:: Data for processing ::

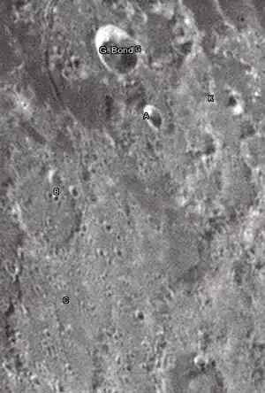 Por convención estos elementos son identificados en los mapas lunares poniendo la letra en el lado del punto medio del cráter que está más cerca de G. Bond.
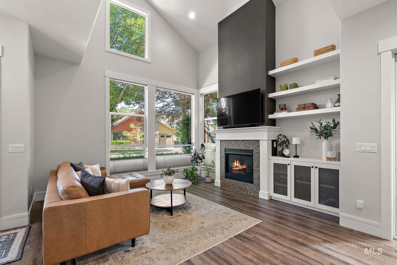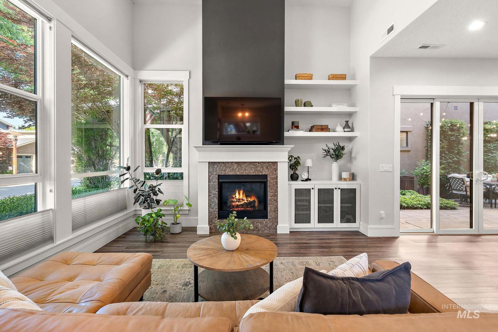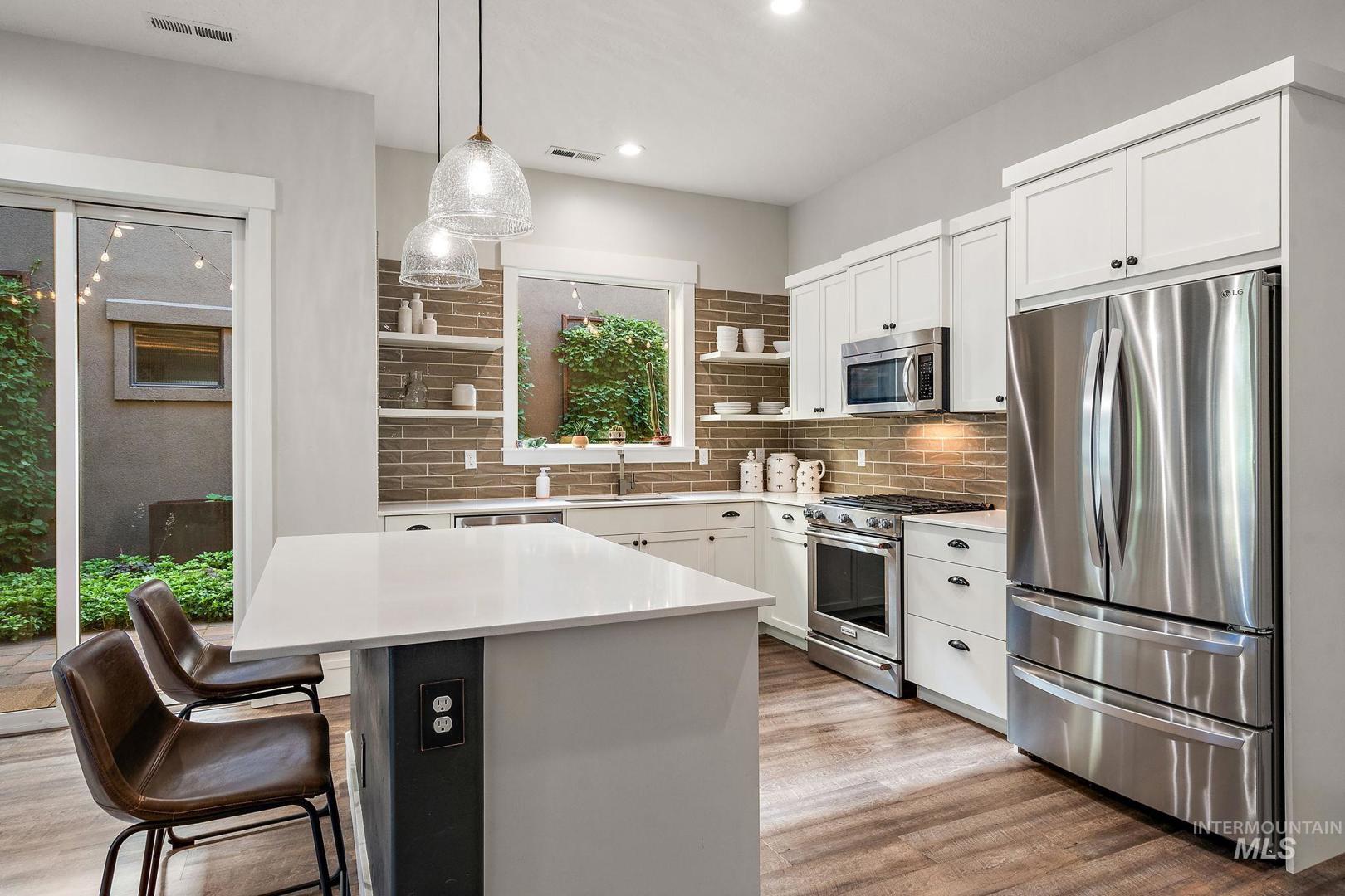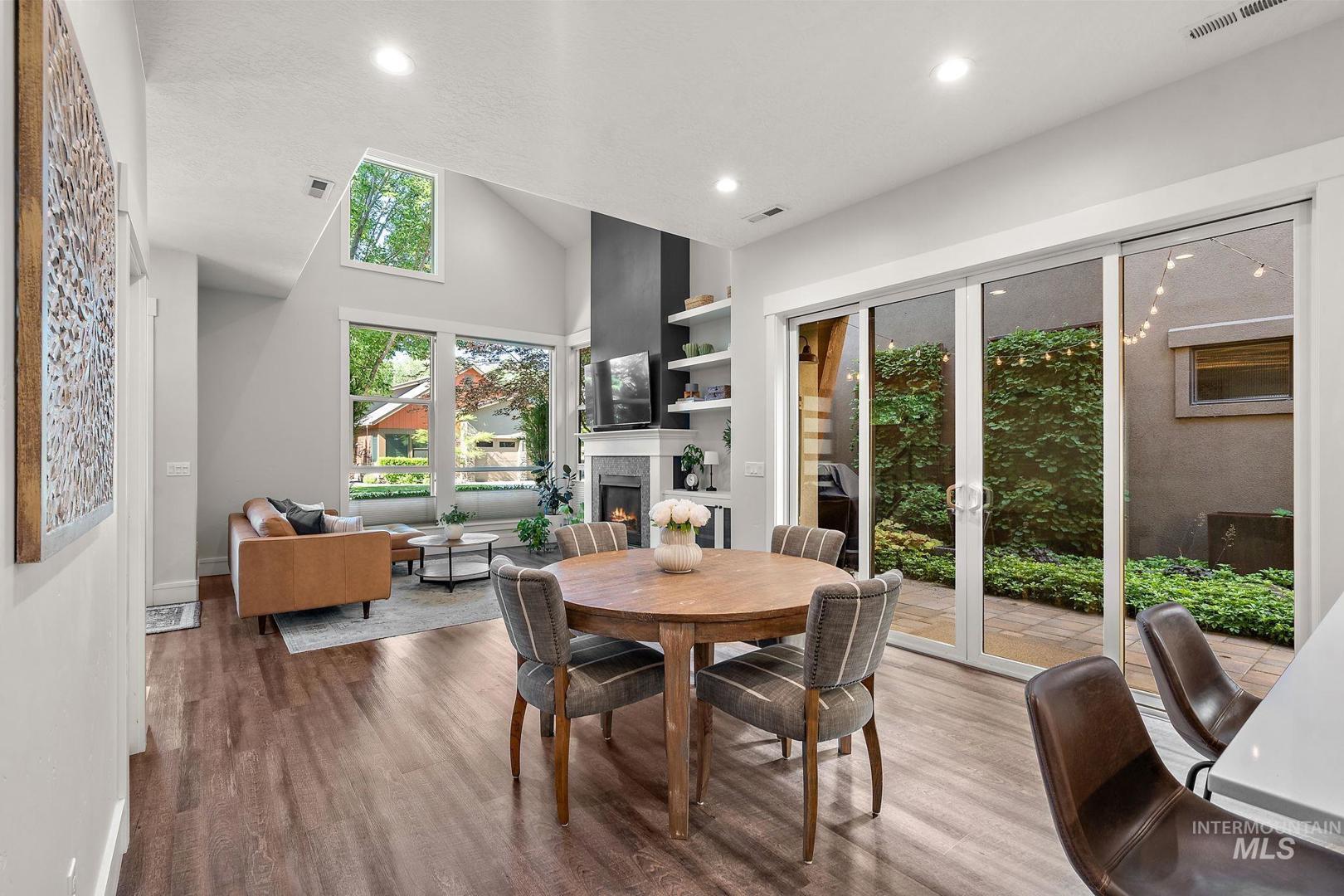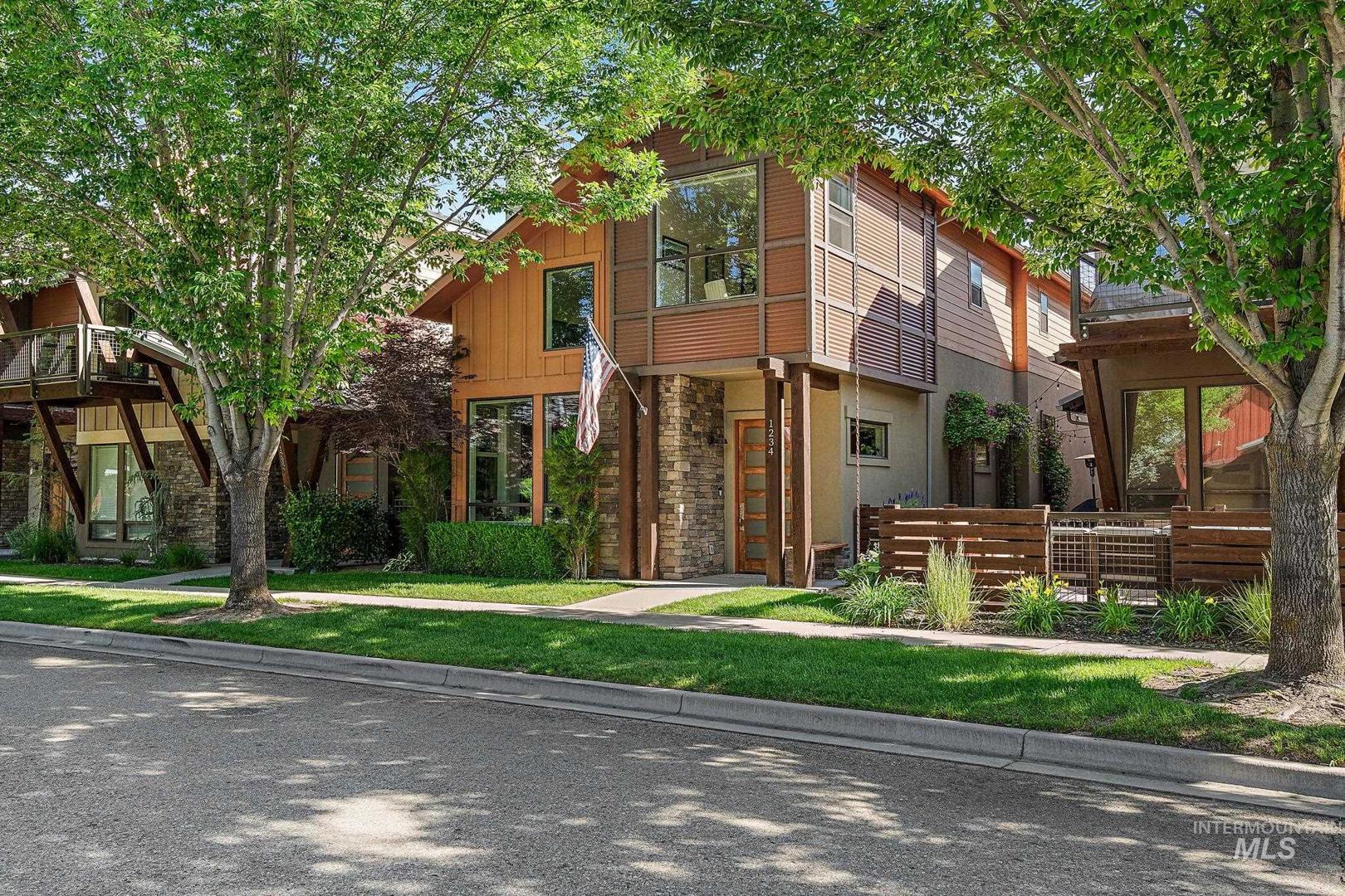 Welcome home to the highly desired River District! This beautifully updated 3-bed, 2-bath carriage-style home with an office offers comfort, style, and lasting value in one of the best locations near the Boise River and greenbelt. Enjoy resort-style living with access to the community pool, clubhouse, and private fishing pond—perfect for relaxation and recreation. The open-concept design features soaring ceilings, expansive windows, and a modern kitchen with quartz countertops, subway tile backsplash, and a walk-in pantry. The inviting great room with a gas fireplace opens to a covered patio and private courtyard, ideal for year-round entertaining and quiet evenings outdoors. Upstairs, the spacious primary suite includes a tiled shower, soaking tub, dual vanities, and a generous walk-in closet. Two additional bedrooms and a bright office/bonus room offer flexibility for family, guests, or remote work. Recent updates include fresh interior paint, LVP flooring, and new carpet. With HOA-maintained landscaping, up/down blinds throughout, and an extra-deep garage with alley access, this home combines modern convenience with low-maintenance living. Close to parks, shopping, and dining—this is the perfect place to settle in and enjoy Boise living at its best.
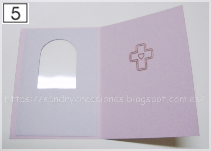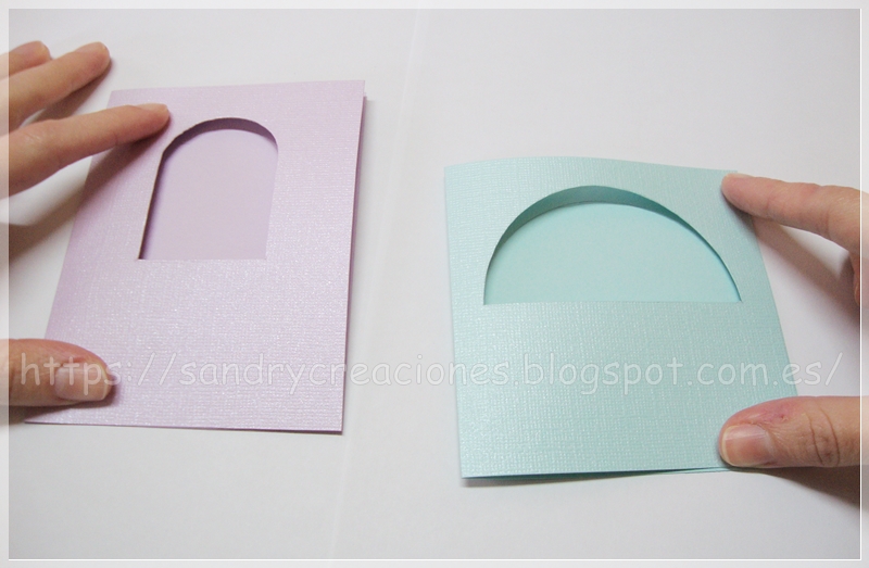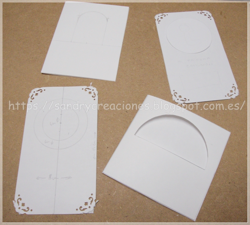 Deberemos cortar las ventanas en la mitad que cerrará el recordatorio, es decir lo que será la portada de nuestro recordatorio libro y con una medida lo suficientemente grande para que se vea por ella el diseño que tengamos en mente, por eso es muy importante pensar el diseño que queremos que se vea por la ventana antes de cortarlas.
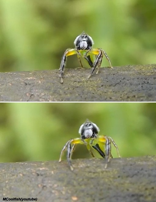 해당 영상은 호주 퀸즐랜드의 한 아마추어 사진작가가 촬영한 것으로 알려졌다. 이 사진작가는 “거미에게 카메라를 가까이 들이대니 깜짝 놀라며 이런 표정을 지었다”고 당시를 회상했다.
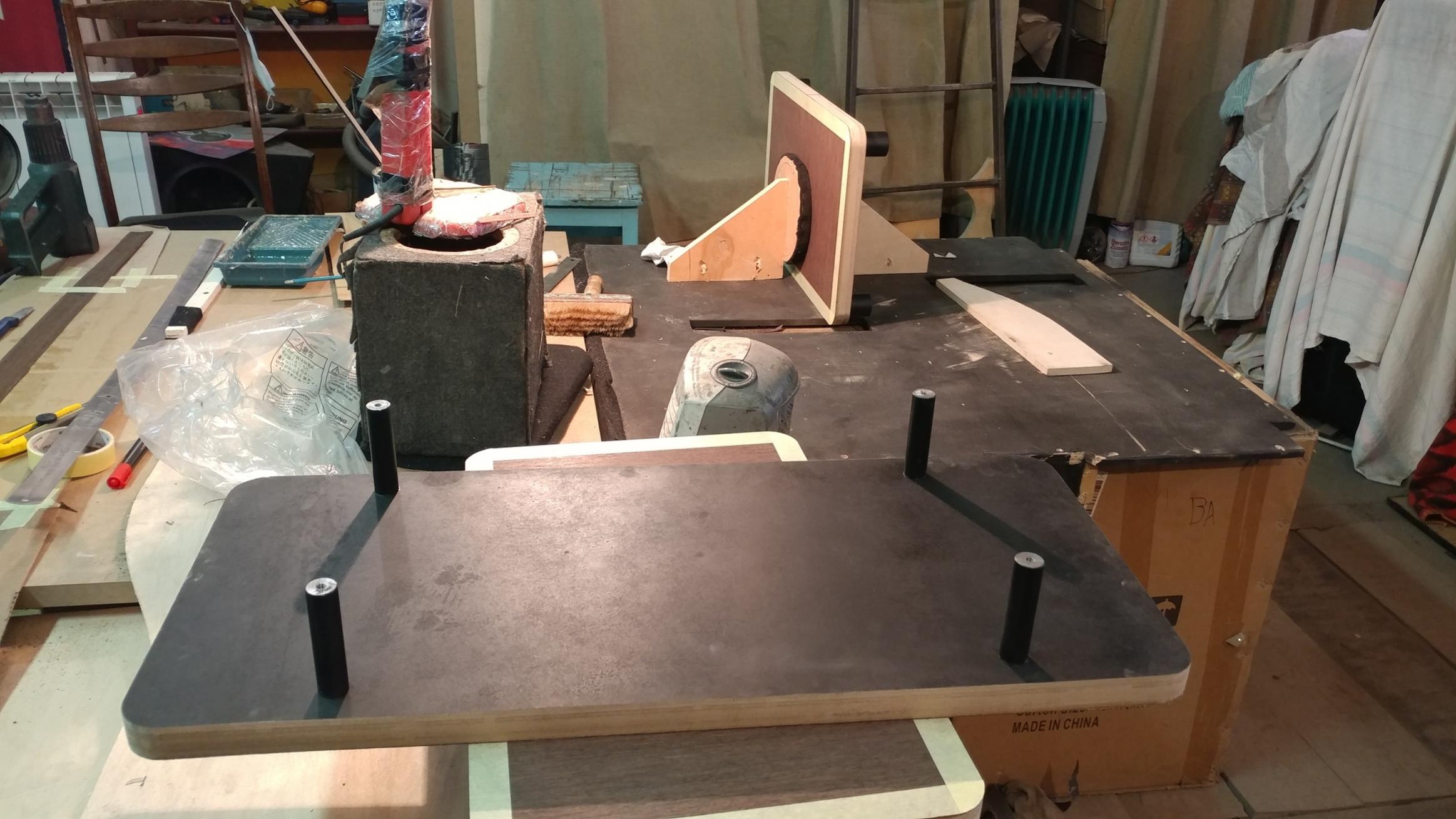 И опять пауза перед следующим авто...Немедленно используем ее для завершения шпонирования поверхностей и торцов панелей. Примеряли опорные конусы...все хорошо. Далее шлифовка, покрытие многослойное и полировка....
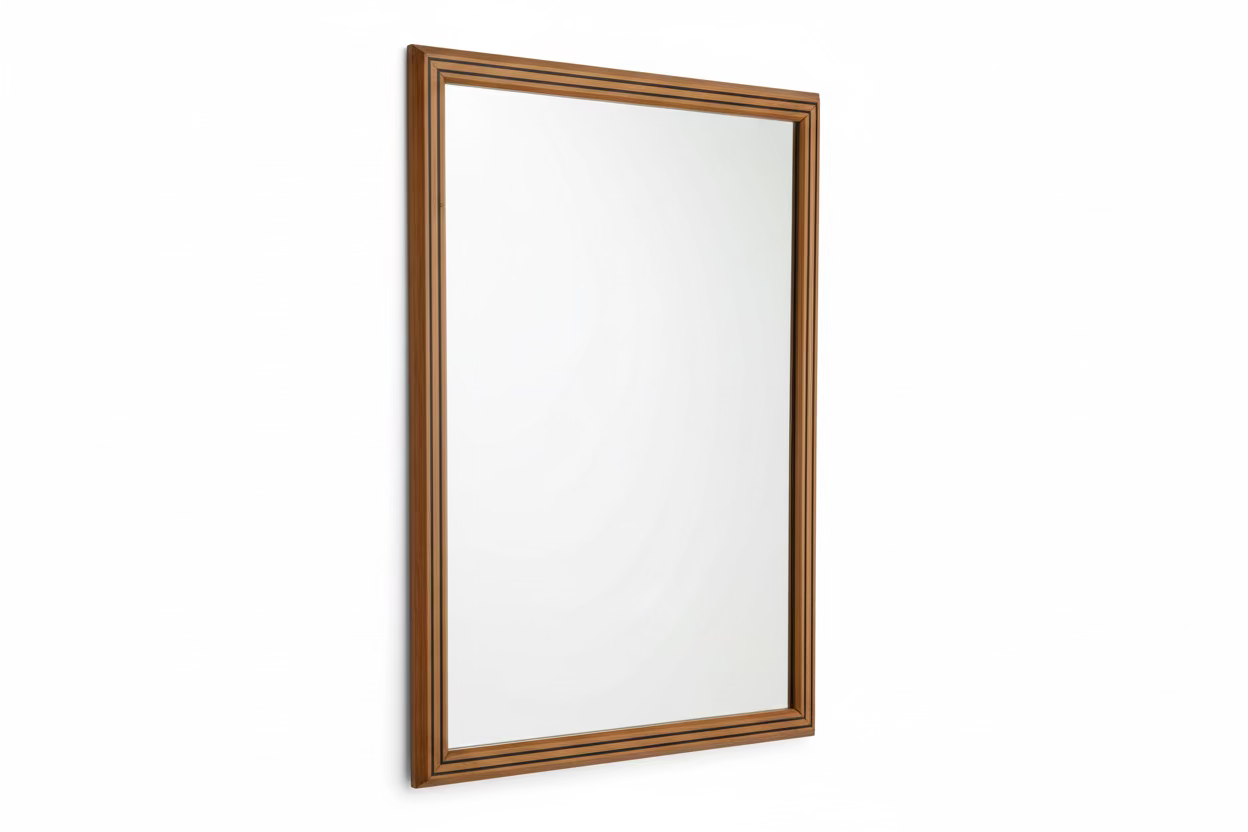 A refined beech dressing mirror featuring elegant dark wood inlay detailing. This substantial vertical mirror brings both function and decorative appeal to any bedroom or dressing area. The warm beech frame contrasts beautifully with the inlaid dark wood accents, creating visual interest while maintaining a timeless aesthetic. Ideal for vintage and antique collectors seeking quality craftsmanship and authentic period styling.
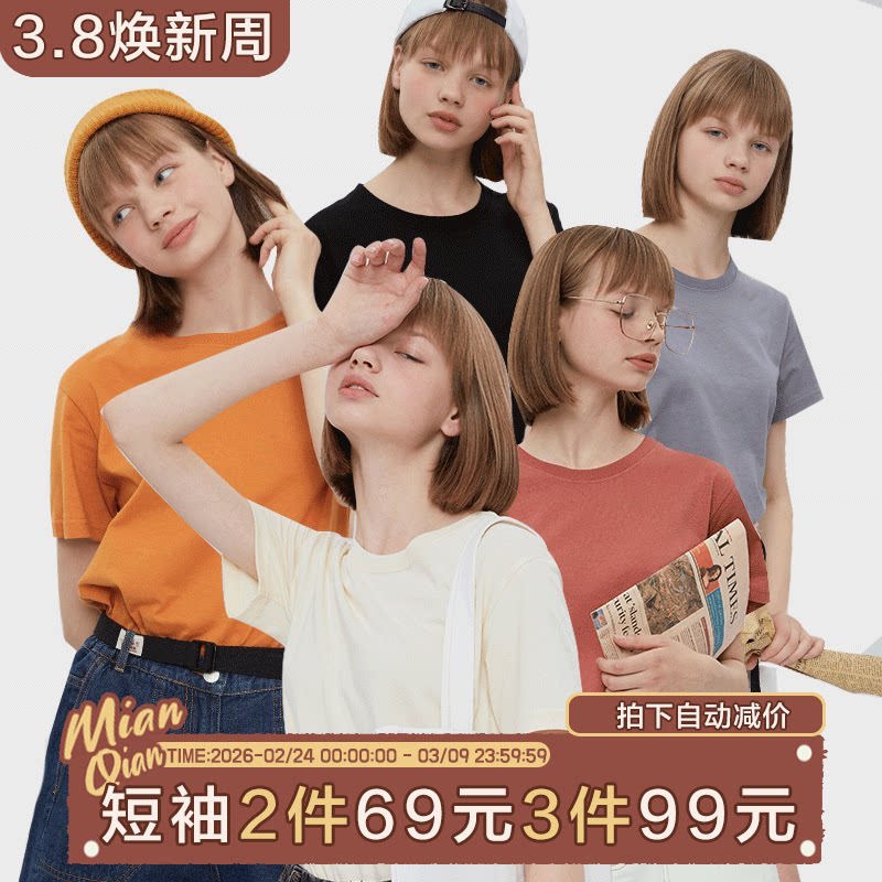 3MER哦哦三妹正肩修身百搭纯色短袖t恤女2026春装新款纯棉上衣小t
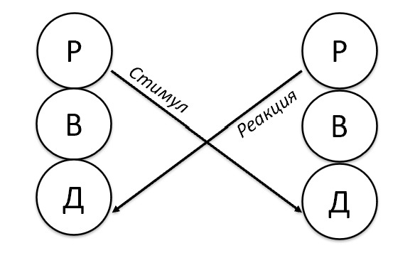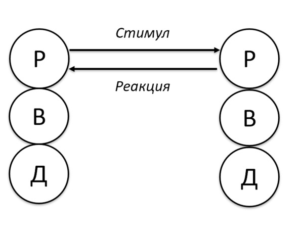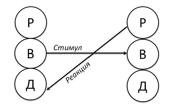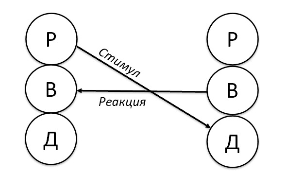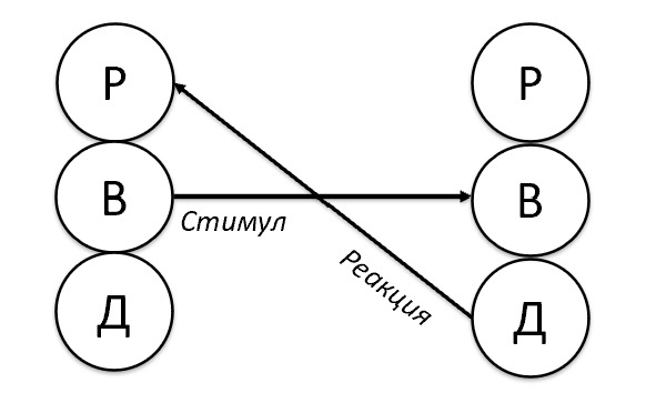 Тип 3: Реакция «Игнорирование Родителя» (Стимул Р→Д, Реакция В→В)

:: Requirement ::
Hand back the data exactly as it appears, with all pictures cut.

:: Exercise result ::
 Por convención estos elementos son identificados en los mapas lunares poniendo la letra en el lado del punto medio del cráter que está más cerca de G. Bond.
 Welcome home to the highly desired River District! This beautifully updated 3-bed, 2-bath carriage-style home with an office offers comfort, style, and lasting value in one of the best locations near the Boise River and greenbelt. Enjoy resort-style living with access to the community pool, clubhouse, and private fishing pond—perfect for relaxation and recreation. The open-concept design features soaring ceilings, expansive windows, and a modern kitchen with quartz countertops, subway tile backsplash, and a walk-in pantry. The inviting great room with a gas fireplace opens to a covered patio and private courtyard, ideal for year-round entertaining and quiet evenings outdoors. Upstairs, the spacious primary suite includes a tiled shower, soaking tub, dual vanities, and a generous walk-in closet. Two additional bedrooms and a bright office/bonus room offer flexibility for family, guests, or remote work. Recent updates include fresh interior paint, LVP flooring, and new carpet. With HOA-maintained landscaping, up/down blinds throughout, and an extra-deep garage with alley access, this home combines modern convenience with low-maintenance living. Close to parks, shopping, and dining—this is the perfect place to settle in and enjoy Boise living at its best.
 Deberemos cortar las ventanas en la mitad que cerrará el recordatorio, es decir lo que será la portada de nuestro recordatorio libro y con una medida lo suficientemente grande para que se vea por ella el diseño que tengamos en mente, por eso es muy importante pensar el diseño que queremos que se vea por la ventana antes de cortarlas.
 해당 영상은 호주 퀸즐랜드의 한 아마추어 사진작가가 촬영한 것으로 알려졌다. 이 사진작가는 “거미에게 카메라를 가까이 들이대니 깜짝 놀라며 이런 표정을 지었다”고 당시를 회상했다.
 И опять пауза перед следующим авто...Немедленно используем ее для завершения шпонирования поверхностей и торцов панелей. Примеряли опорные конусы...все хорошо. Далее шлифовка, покрытие многослойное и полировка....
 A refined beech dressing mirror featuring elegant dark wood inlay detailing. This substantial vertical mirror brings both function and decorative appeal to any bedroom or dressing area. The warm beech frame contrasts beautifully with the inlaid dark wood accents, creating visual interest while maintaining a timeless aesthetic. Ideal for vintage and antique collectors seeking quality craftsmanship and authentic period styling.
 3MER哦哦三妹正肩修身百搭纯色短袖t恤女2026春装新款纯棉上衣小t
 Тип 3: Реакция «Игнорирование Родителя» (Стимул Р→Д, Реакция В→В)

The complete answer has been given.